Case studies

Depression Detection: Text Augmentation for Robustness to Label Noise in Self-reports

Enhancing Depression Detection: Text Augmentation Strategies for Resilience to Label Noise in Self-Reports - SEO: Depression Detection, Text Augmentation, Label Noise, Self-Reports

Get a quote
 Case studies


Depression, a widespread mental health issue affecting individuals in both affluent and developing regions, poses significant challenges at a societal level due to its profound impact on people's daily lives and overall well-being. It can lead to severe outcomes, including self-harm and suicide. Recent technological advancements, particularly in artificial intelligence (AI) and natural language processing (NLP), offer promising solutions for assessing depression. Utilizing the Bidirectional Encoder Representations from Transformers (BERT) model. We used Reddit Self-reported Depression Diagnosis dataset, for detecting depression without requiring expert intervention. We address the issue of label noise, which significantly affects the performance of transformer-based models, by introducing two innovative data augmentation techniques: Negative Embedding and Empathy. These methods enhance the model's ability to understand context and emotions through the strategic use of pronouns and depression-related vocabulary, making our approach highly relevant for AI-driven mental health applications. Our findings show a remarkable 31% improvement in detection accuracy with Negative Embedding over traditional BERT and DistilBERT models. By integrating advanced AI algorithms with natural language insights, we demonstrate that it is possible to achieve accurate depression detection in challenging data conditions, paving the way for more accessible and efficient mental health support systems.



Team Size




Depression, a critical mental health challenge, impacts over 264 million individuals globally, manifesting through a spectrum of emotional and cognitive disturbances. Symptoms range from difficulties in concentration and decision-making to profound feelings of guilt and helplessness. In primary care settings, depression and anxiety disorders are common, yet detection rates are alarmingly low, with less than one-third of significant cases accurately identified. The COVID-19 pandemic has exacerbated this issue, leading to widespread psychological distress and sparking a public mental health crisis.
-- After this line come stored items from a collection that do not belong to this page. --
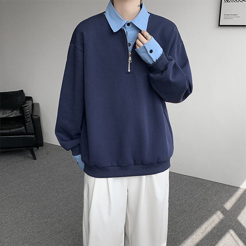 【CEXUシリーズ】★トップス★ 3color POLOシャツ 男女兼用 メンズ 大きいサイズ 白 灰 青 フェイクレイヤード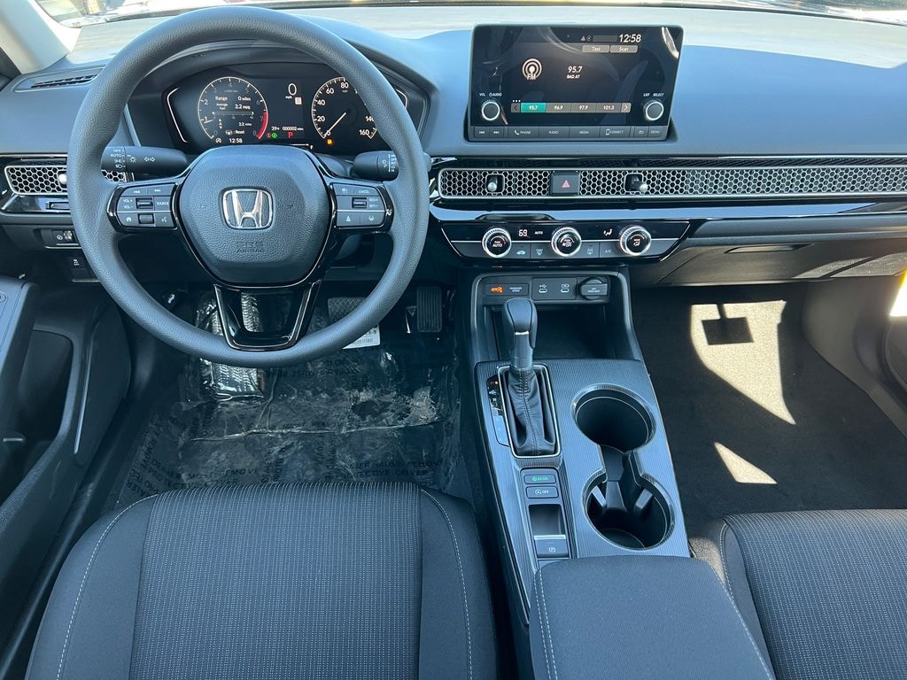 Meteorite Gray Metallic 2026 Honda Civic LX FWD CVT 2.0L I4 DOHC 16V 4 Speakers, 4-Wheel Disc Brakes, ABS Brakes, Adaptive Cruise Control: Adaptive Cruise Control (ACC) with Low-Speed Follow, Air Conditioning, AM/FM Radio, Apple CarPlay/Android Auto, Auto High-beam Headlights, Automatic temperature control, Brake Assist, Bumpers: body-color, Cloth Seating Surfaces, Delay-off headlights, Driver door bin, Driver vanity mirror, Dual front impact airbags, Dual front side impact airbags, Electronic Stability Control, Emergency communication system: HondaLink, Four wheel independent suspension, Front anti-roll bar, Front Bucket Seats, Front Center Armrest, Front reading lights, Fully Automatic Headlights, Illuminated Entry, Knee airbag, Low tire pressure warning, Occupant sensing airbag, Outside Temperature Display, Overhead airbag, Panic Alarm, Passenger door bin, Passenger vanity mirror, Power Sideview Mirrors, Power Steering, Power Windows, Radio data system, Radio: 160-Watt Audio System, Rear anti-roll bar, Rear side impact airbag, Rear-View Camera, Rear/Front Window Defroster, Remote Keyless Entry, Security System, Speed Control, Speed-Sensing Steering, Steering Wheel Mounted Controls, Tachometer, Telescoping steering wheel, Tilt steering wheel, Traction Control, Trip computer, Wheels: 16" with Full Covers.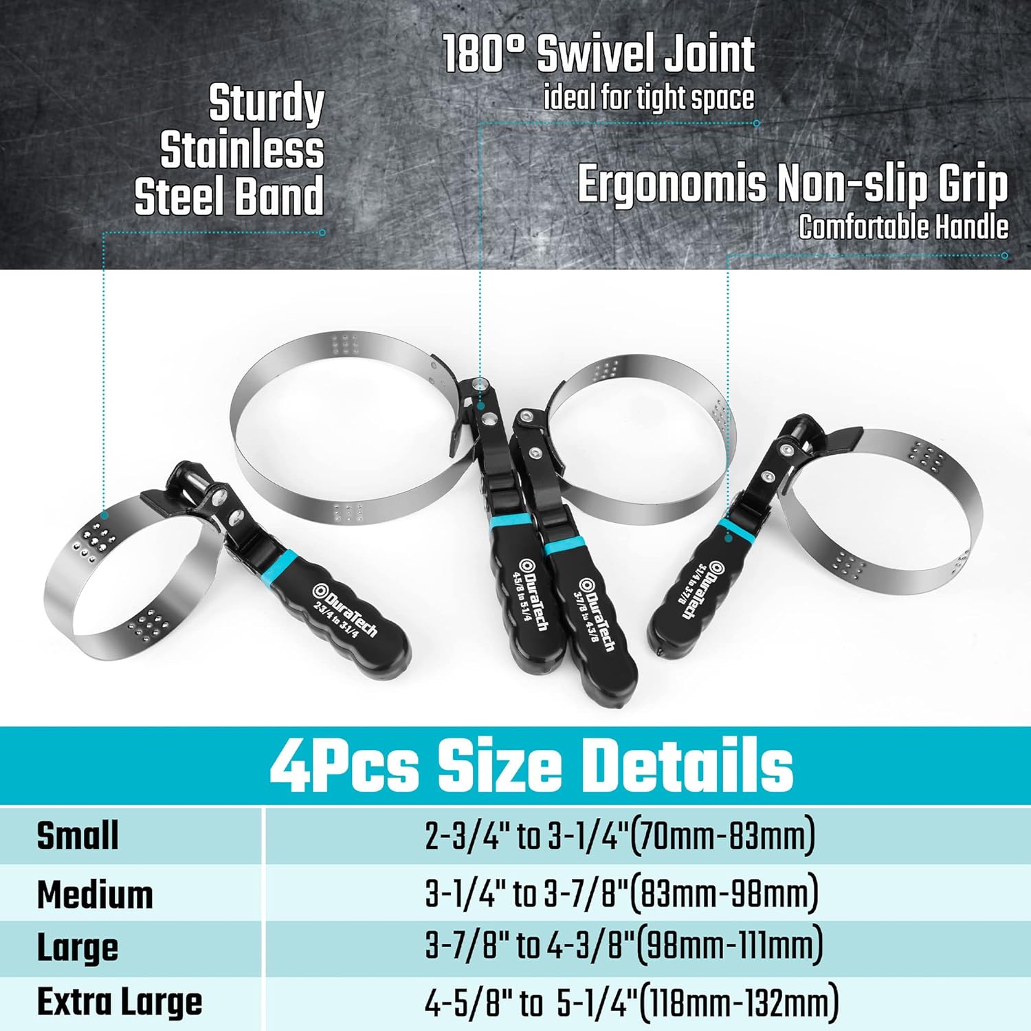 - 4 Size Oil Filter Wrenches: Swivel Oil Filter Wrench set includes a small 2-3/4 "to 3-1/4 " (70 mm-83 mm), medium 3-1/4 " to 3-7/8 " (83 mm-98 mm), large 3-7/8 " to 4-3/8 " (98 mm-111 mm) and extra large 4-5/8 " to 5-1/4 " (118 mm-132 mm). Each 180-degree flexible swivel head makes it easy to turn in tight spaces and keep adjustable tension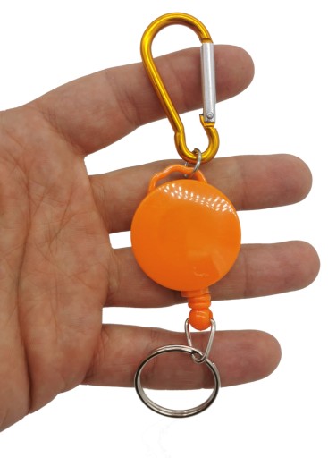 Brelok - retraktor w formie karabińczyka wraz z kółeczkiem, który można doczepić do kluczy, identyfikatora, wizytówki czy długopisu. Praktyczny retraktor przyda się do trzymania drobnych rzeczy blisko siebie. Zwijak posiada kółeczko do kluczy oraz metalowy karabińczyk, który możesz zamocować do spodni, plecaka, torebki itp. Nigdy już nie zgubisz swoich kluczy, długopisu lub identyfikatora.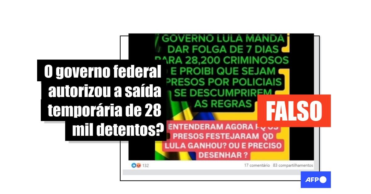 O conteúdo viral também afirma que o governo federal teria proibido que os detentos “sejam presos por policiais se descumprirem as regras” da saída temporária.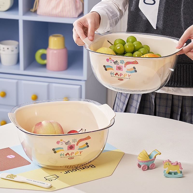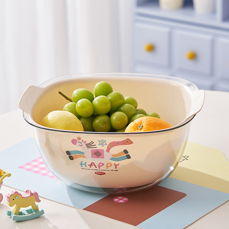 【马上有钱】可爱双层沥水篮加厚厨房家用洗水果神器蔬菜盆水果盘 English | 投诉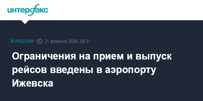 Москва. 21 февраля. INTERFAX.RU - Временные ограничения введены в аэропорту Ижевска (Удмуртия) в субботу, сообщает пресс-служба Росавиации в своем канале Мах.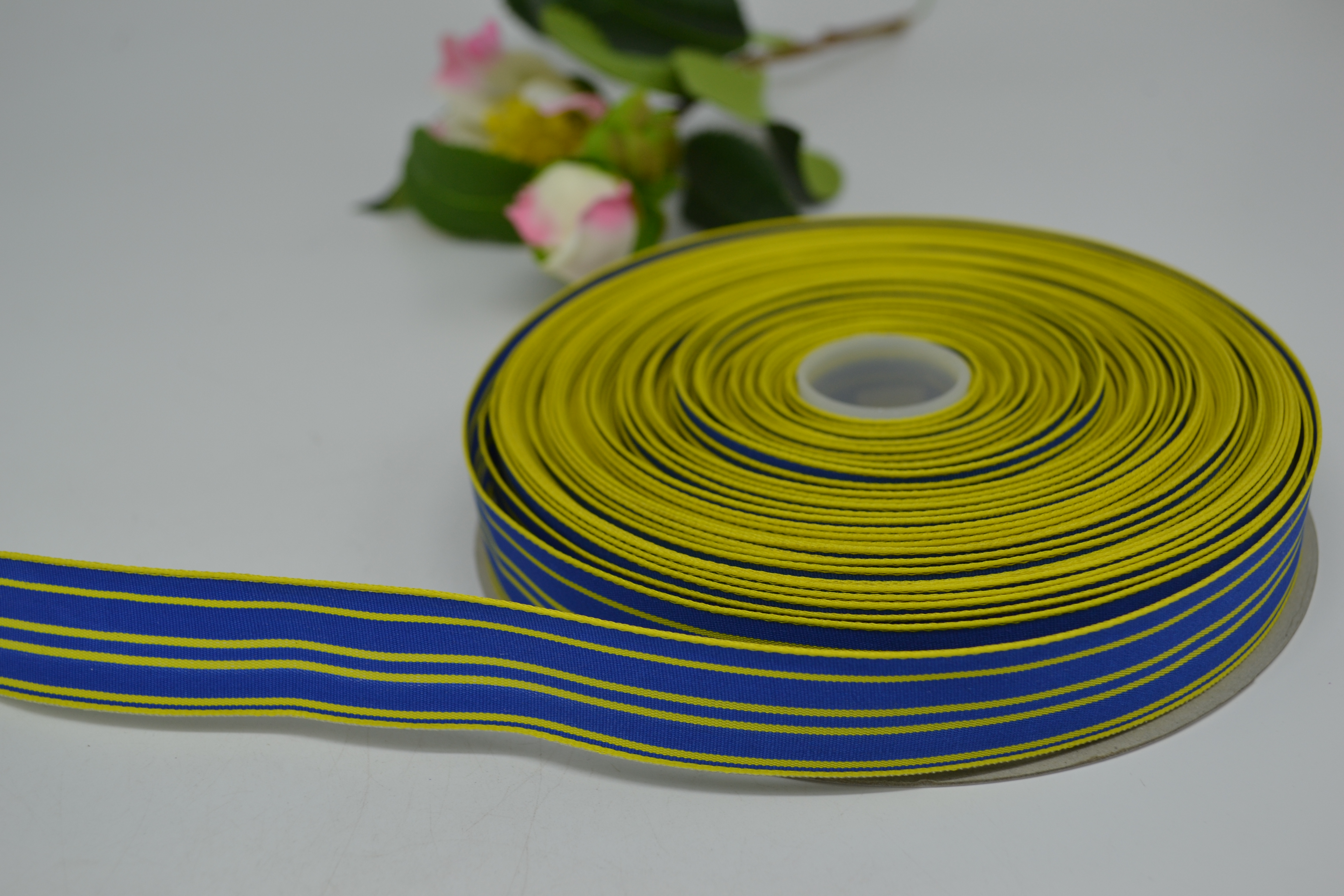 Лента тканевая 2,5 см 50 ярдов синяя в жёлтую полосочку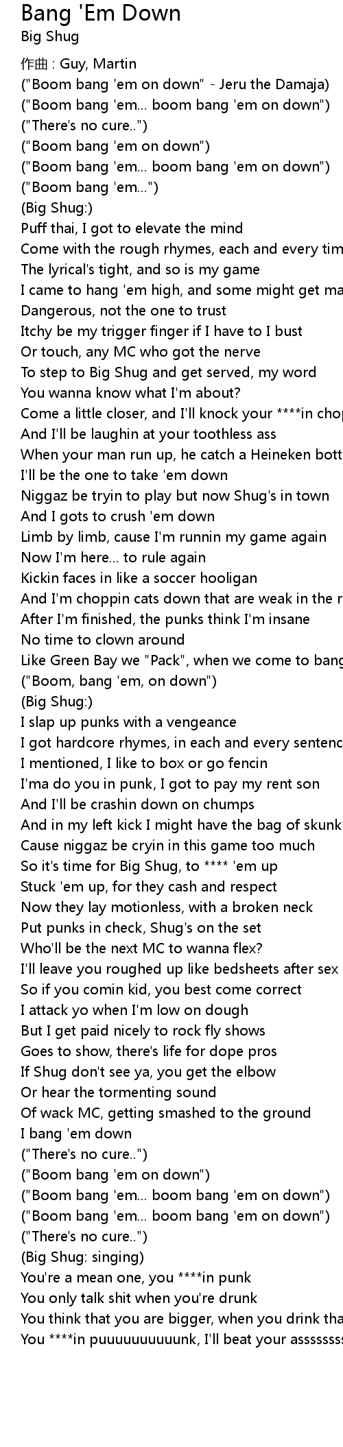 | 歌曲 | Bang 'Em Down |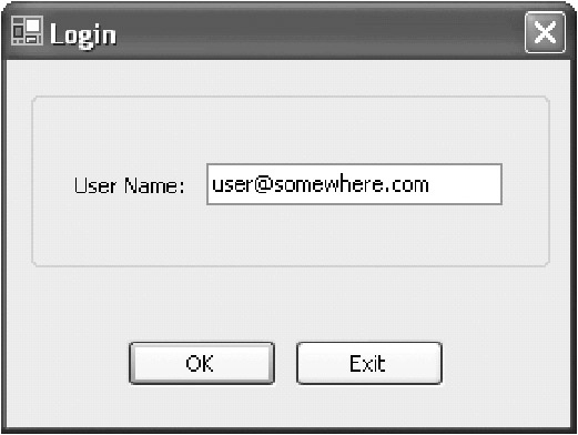 The login form (shown in Figure 4-3) is quite straightforward. It exposes a public UserName property, which allows the Startup routine to retrieve the user name without violating encapsulation. This property could also be used to pre-fill the txtUser textbox by retrieving the previously used name, which could be stored in a configuration file or the Windows registry on the current computer.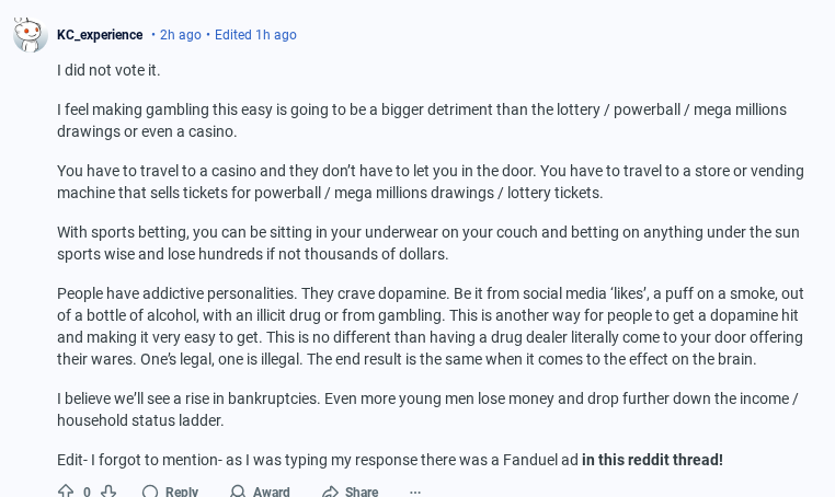 As with most gambling expansion, the topic of sports betting legalization has elicited a combination of excitement, derision, and ambivalence from residents. Some lamented the possible social ramifications and the impact on the state lottery.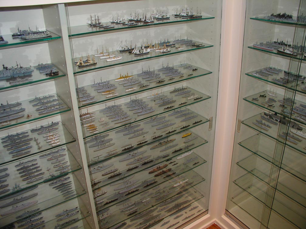 The issue of what is the most effective way to display one's collection, regularly comes up for discussion on the message board. The question is often asked: what is the best way to display the models? I don't think that there is a right answer. The "best" way, depends upon a number of factors. Some think that the most effective display is wall cases that are only deep enough that one model can be displayed in a row. But table top dioramas are very effective, and obviously are a totally different visual display than thin wall cases. Shelves with depth are effective when the collector wants to show a group of similar ships for comparison purposes. Wall cases that are only an inch or so deep look good, but do not maximize display space. Table top dioramas create interesting displays, but dioramas take up maximum space for the number of models displayed, and so are a very poor medium for displaying large numbers of models. In short, there is no "right way."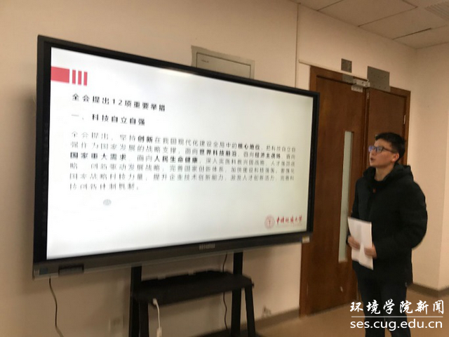 2018级学硕一班硕士研究生党支部晏智伟同志领学《中国共产党第十九届中央委员会第五次全体会议公报》的内容。本次全会,中央委员会总书记习近平作重要讲话,全会听取和讨论了习近平受中央政治局委托作的工作报告,全会审议通过了《中共中央关于制定国民经济和社会发展第十四个五年规划和二〇三五年远景目标的建议》。晏智伟同志介绍到,党的十九届五中全会是在“两个一百年”奋斗目标的历史交汇点,在即将实现第一个百年奋斗目标,开启全面建设社会主义现代化强国新征程的时刻召开的一次十分重要的会议,全党全国各族人民要紧密团结在以习近平同志为核心的党中央周围,同心同德,顽强奋斗,夺取全面建设社会主义现代化国家新胜利。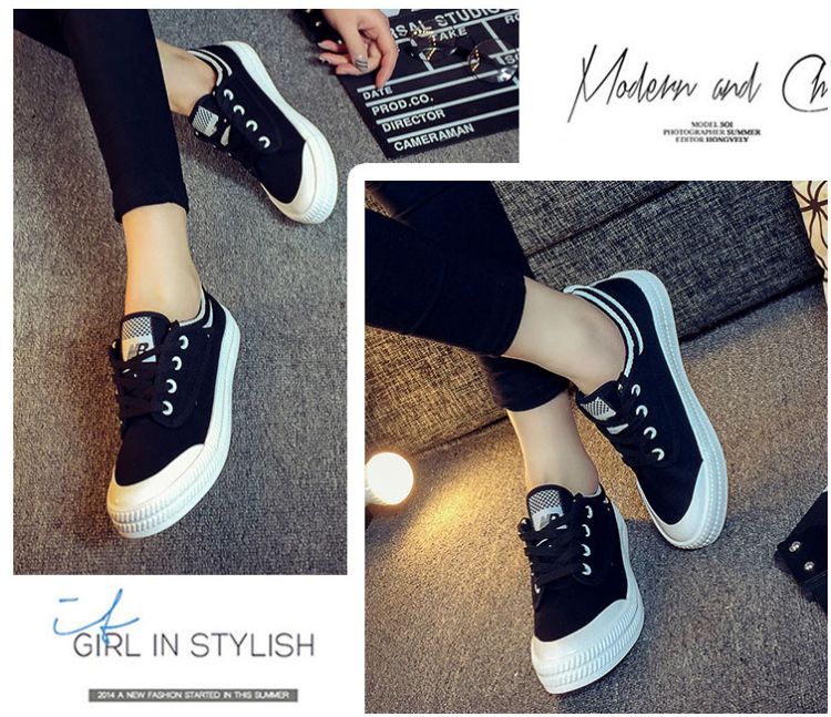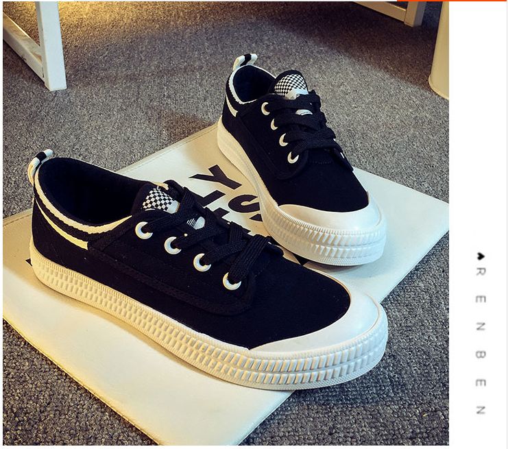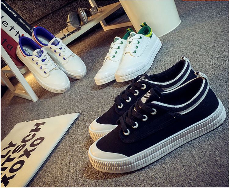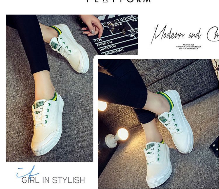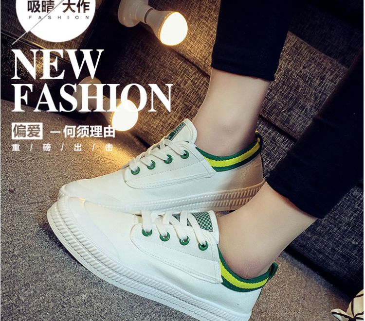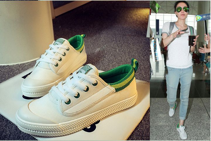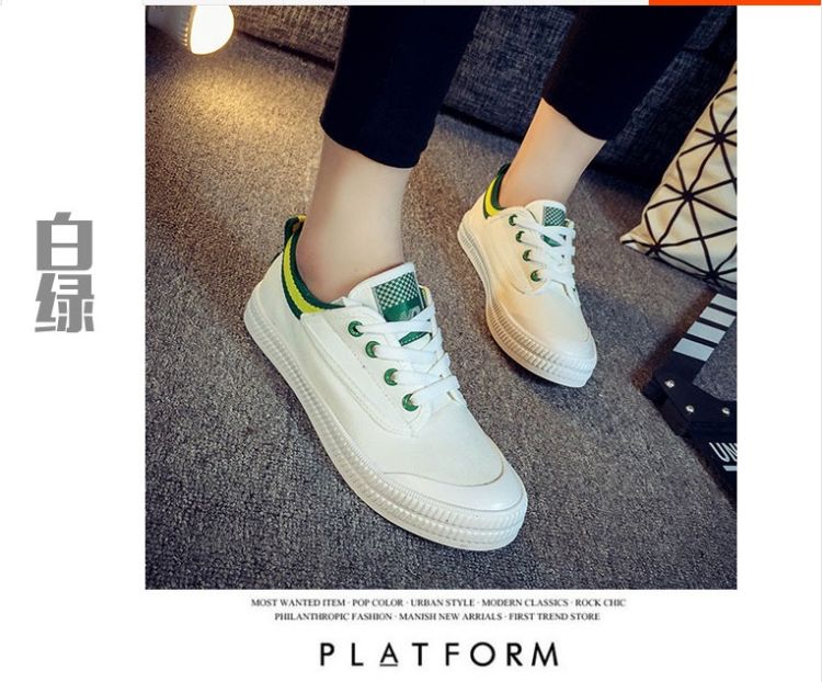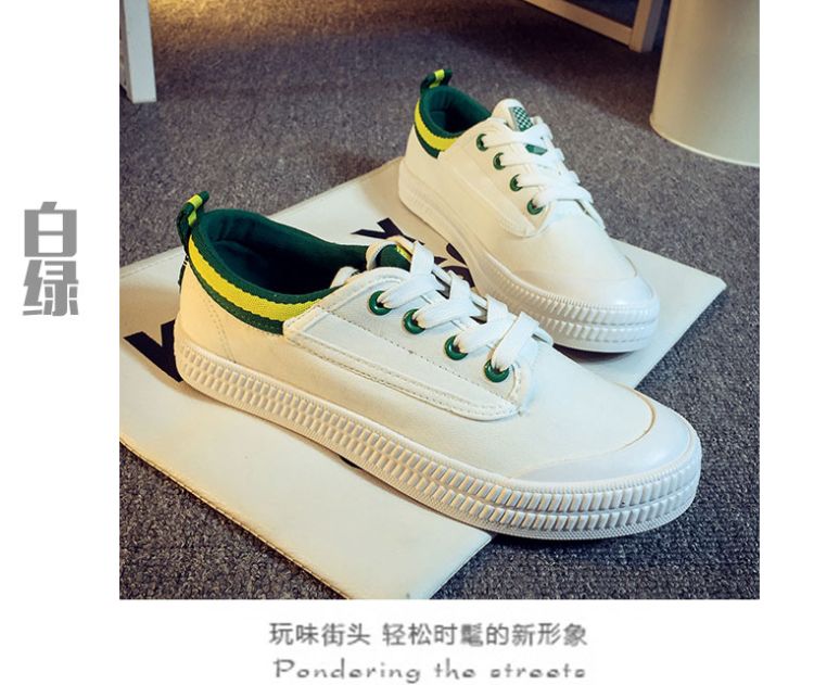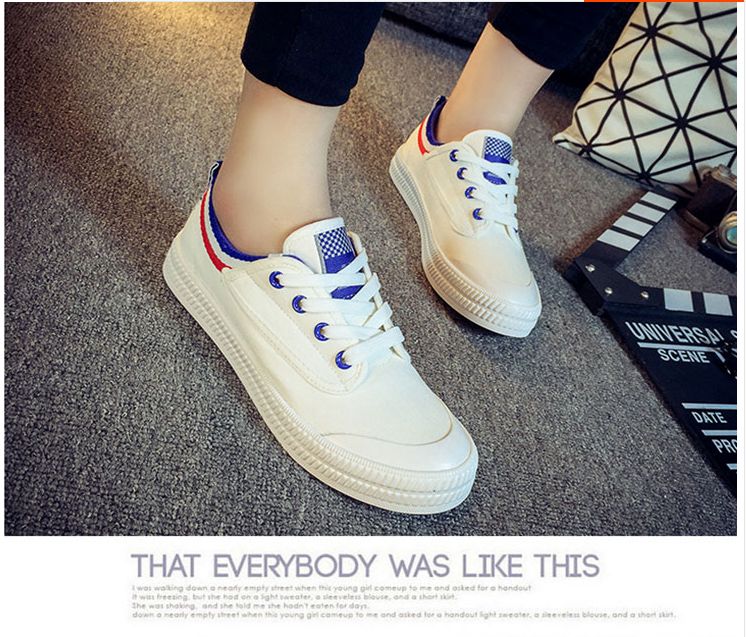 Spring and summer Faye Wong same paragraph white canvas shoes student shoes flat shoes lace casual shoes white shoes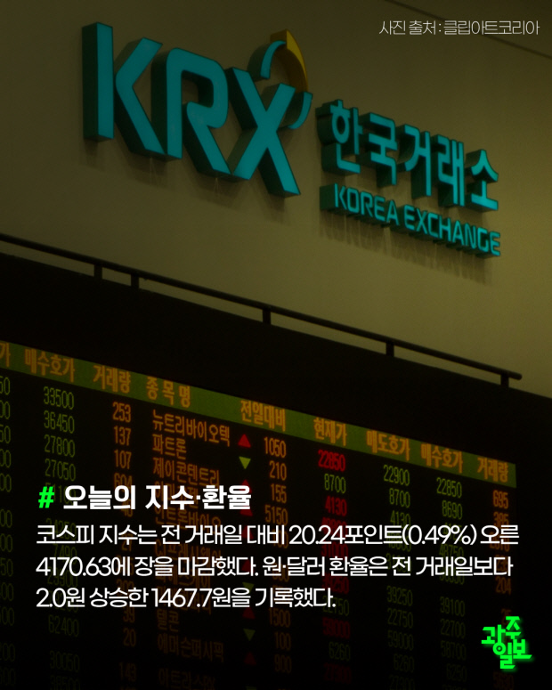코스피 지수는 전 거래일 대비 20.24포인트(0.49%) 오른 4170.63에 장을 마감했다. 원·달러 환율은 전 거래일보다 2.0원 상승한 1467.7원을 기록했다.

The scarcity of accessible mental healthcare services underscores the urgency of developing effective depression detection strategies to mitigate the risk of suicide and suicide attempts. Early identification of depression is crucial, enabling prompt intervention and potentially saving lives, especially during the pandemic and beyond.

In today's digital era, the internet has become a vital platform for individuals to discuss their experiences, obstacles, and mental health concerns. Platforms like Reddit and Twitter offer invaluable insights into mental health states through user-generated content. Leveraging natural language processing (NLP) and machine learning (ML) technologies, our approach involves analyzing this text data to pioneer a method for the early detection of depression. By automatically classifying online posts into depressed versus non-depressed categories, we aim to enhance our understanding of depression and improve early detection rates.

This innovative use of AI, NLP, and ML not only opens new pathways for understanding mental health but also offers a scalable, efficient solution for identifying depression early. By tapping into the wealth of data available on social media platforms, we can bridge the gap in mental healthcare access and provide timely support to those in need, demonstrating the transformative potential of AI in tackling global mental health challenges.



In our AI-driven approach to mental health, we solve two tasks using advanced (a) Unsupervised learning to remove noise from the dataset and (b) Exploit contexts for robustness to label noise in detecting depression; we proposed two data augmentation methods, i.e., Negative Embedding and Empathy. The dataset consists of the Reddit Self-reported Depression Diagnosis (RSDD) dataset by web-scraping depressive and non-depressive statements from 2 subreddits, /depression and /AskReddits. A drawback of this method is label noise, a common challenge in AI models, particularly in mental health applications, resulting from mislabeling by non-experts or oversimplified labeling criteria. Oversimplified labeling criteria may lead to the mislabeling of a non-depressive statement in the /depression subreddit as depressed. Due to the pattern-memorization effects, label noise may significantly compromise the performance of deep learning models in classification tasks, particularly in detecting depression.  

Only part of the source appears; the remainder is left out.